Sober Celebration

Palm Sunday stirs mixed memories for me …
  • the fragrance of lilies in almost lethal doses,
  • aisles of swaying palm-branched children
  • a live donkey lumbering through our carpeted sanctuary (that could have gone drastically wrong)
  • majestic anthems from the choir
  • stirring sermons about the realities of King Jesus. 

Most all of it was tasteful, well-intentioned and meaningful. But there was always a dissonant note in the music of my soul. The refrain echoed every year … “How could they?” How could the jubilant thronging crowd turn so quickly? How could they cry “Hosanna to the Son of David!” and “Crucify him!” only days apart? How could the reverently intone, “Blessed is he who comes in the name of the Lord” and with the same lips mock him?

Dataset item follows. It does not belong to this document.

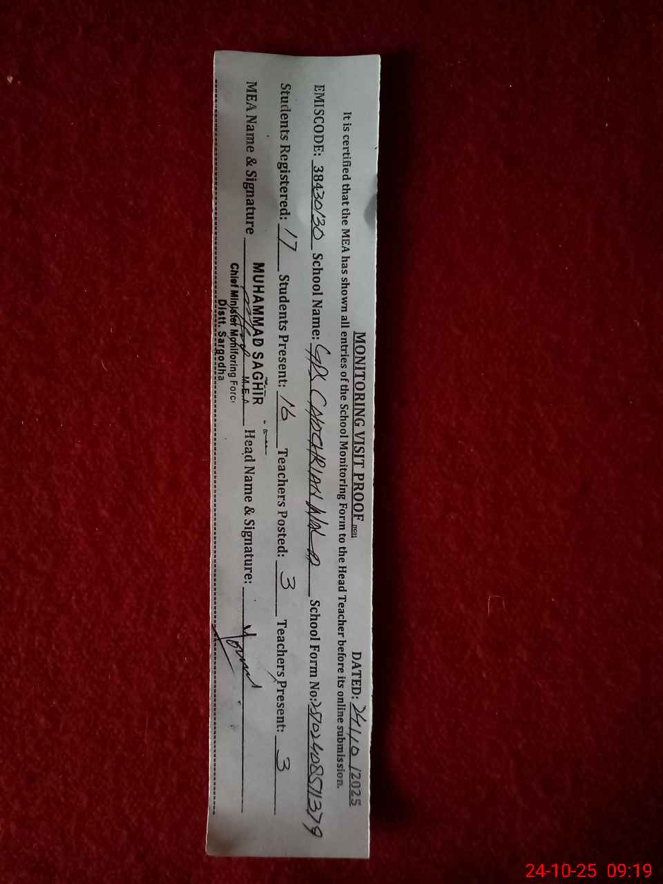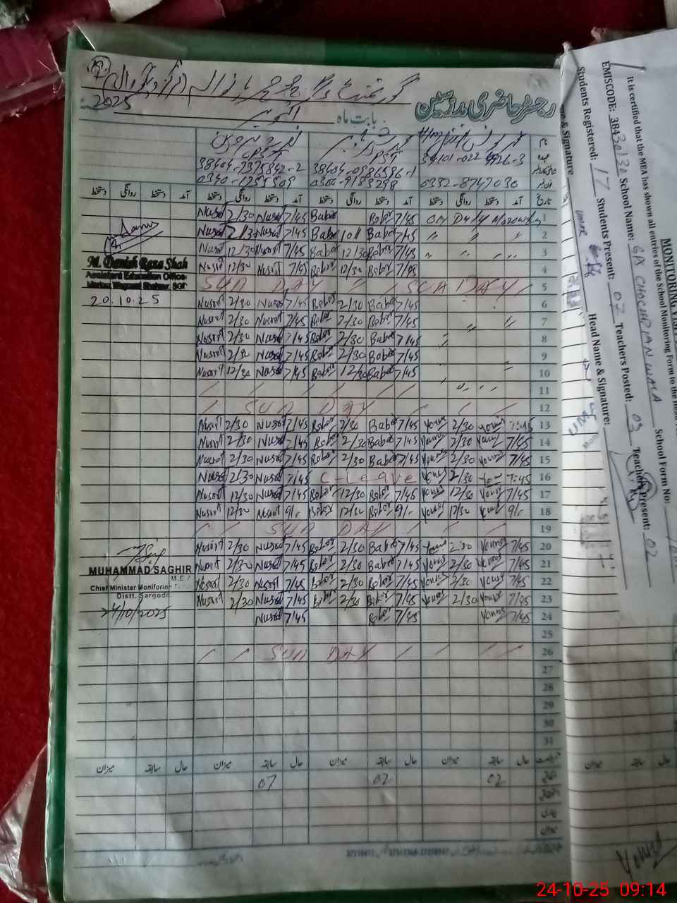 | EMIS Code: 38430130 | Name of School: GPS CHOCHRIAN WALA | |||

How could the crowd be so fickle? What about His close confidants? It was the same Peter who confessed, “You are the Christ, the Son of the living God” who later swore “I don’t even know the man!” And why was Jesus’ inner circle so taken off guard by the way events unfolded? The Bible says … And Jesus began to teach them that the Son of Man must suffer many things and be rejected by the elders and the chief priests and the scribes, and be killed, and after three days rise again. Mark 8:31 The sense of the passage is that it was a repeated warning … but there was the repeated promise also “and after three days rise again.” How did their faith so quickly bleed out? How did they suffer such a tragic failure to hope?

In the proud petulance of youth, “How could they?” was a cry of disdain. The years have softened my tone to a weeping whisper … “How could I?” I have proven to be as fickle as the crowd. I am prone to praise followed by denial. I grasped great truths but failed to live by them. I have heard the Savior’s call to suffering and been shocked when I must. Palm Sunday has a somber and personal note of realism for me. But it is sober … PRAISE! The same Jesus who said, “You will certainly deny me” sought Peter out after his dark days of denial and said, “Follow me.” Praise God … He still does!